Okay now, the more icky stuff. You can see tapeworm IN your goats feces, both segments and egg packets. I have a small goat who did have this occur, I saw segments in his feces. So, I treated him with chemicals. There was no change whatsoever though I tried to follow the directions for goats, IE worming with 4x the amount. I had also a small girl whose brother died from something.. and she and her living brother (part of a neighboring herd at this time) are both small, emaciated with slit eyes that are leaking.
There are 2 worms that can cause these symptoms, barber pole worm and tapeworm. Both can do serious dammage to your goats. I treated my small goats with a strong herbal dewormer that targets both types of worms and its working considerably better than the chemical wormers. I have given both chemical and herbal dewormers, both to sick and healthy goats and do see on fecals that the herbs are much more effective.
1/4 cup ground oat flour
1 tablespoon cayenne pepper (this is the tapeworm treatment)
1 tablespoon each of black walnut powder, fennel, thyme, hyssop, oregon grape root and fenugreek.
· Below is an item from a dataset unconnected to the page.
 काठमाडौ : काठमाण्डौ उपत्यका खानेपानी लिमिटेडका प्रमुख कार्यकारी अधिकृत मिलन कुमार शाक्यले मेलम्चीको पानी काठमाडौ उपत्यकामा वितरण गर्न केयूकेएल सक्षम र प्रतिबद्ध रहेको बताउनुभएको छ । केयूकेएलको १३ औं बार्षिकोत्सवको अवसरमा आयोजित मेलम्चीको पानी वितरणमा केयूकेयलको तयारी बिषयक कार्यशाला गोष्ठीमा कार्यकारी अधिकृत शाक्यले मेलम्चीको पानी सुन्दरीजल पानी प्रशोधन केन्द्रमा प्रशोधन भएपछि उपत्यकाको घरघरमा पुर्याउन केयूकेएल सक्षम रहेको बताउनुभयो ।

Mix all of this with some honey and water. For those that are very thin, I also mix 1 tablespoon of slippery elm root powder or not with boiling water and let sit, then add to the mix. This helps the worms to exit, but also helps smaller goats put on weight. The oatmeal is good for them, and also helps to create a paste. I used an empty deworming syringe, it was a safegaurd syringe which is thick and has a nice tip. I give 1/3 of this per small goat, 1/2 per large goat which is about 10 and 15 ml respectively. I did this daily for 2 wks.
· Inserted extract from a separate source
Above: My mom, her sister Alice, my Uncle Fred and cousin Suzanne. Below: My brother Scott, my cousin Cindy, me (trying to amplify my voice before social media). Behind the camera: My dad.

For those that were very wormy, I was also giving 1 tsp of wormwood ground daily either in a drench, or in their paste for 3 days. Only 3 days, do not give it longer. Take a break at that point for a month and then give again if necessary, look at fecals before deciding its necessary.
Do not give wormwood to a milking doe if the milk goes to human babies. Freeze or save enough milk and use her milk for only older humans for a couple of days. It will not hurt older humans at all, matter fact its sort of good for you to deworm occasionally!
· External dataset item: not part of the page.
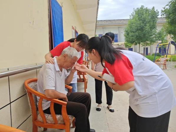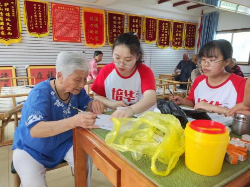 医心护梦社会实践队于7月18日走进尧山养老院开展暑期“三下乡”社会实践活动。队员们为老人们打扫卫生、测量血压、表演节目,并和他们耐心的聊天,给他们单调的生活增添了欢笑与温暖。队员们还慰问了院内的老党员和百岁老人,聆听他们的入党初心以及过往经历。通过此次实践活动,弘扬了“尊老、敬老、爱老、助老”的传统美德,让老人们充分感受到社会大家庭的关爱和温暖,同时也展现出了新时代培华青年蓬勃向上的精神风貌。

Once the goats all have good fecals, you wont need to give this more than 1 x a wk. You can then use dry loose herb, not powder, and give in grain making sure each goat gets his/her fair share, or you can continue to give in a paste, or even a drench by making a strong tea with the herbs.
As a last note, blackberry root is a good herb to have on hand. It works like herbal peptobismal when your goat just has the runs from excess pasture, or too much grain. I also like to keep rosehips, elderberry and neem mix for them to have as an immune boost and everyone gets a bit of this daily in their grain.
Keep your goats on free choice minerals and baking soda, extra copper in selenium deficient areas and their worm loads will be lower. Give an injection of Vit B when your goat isnt well, if its too much he/she will just pee it out, it wont hurt.
Okay now later, I will take photos of a fecal float, my children have learned so much scientifically with these procedures! On that post, I will again warn you!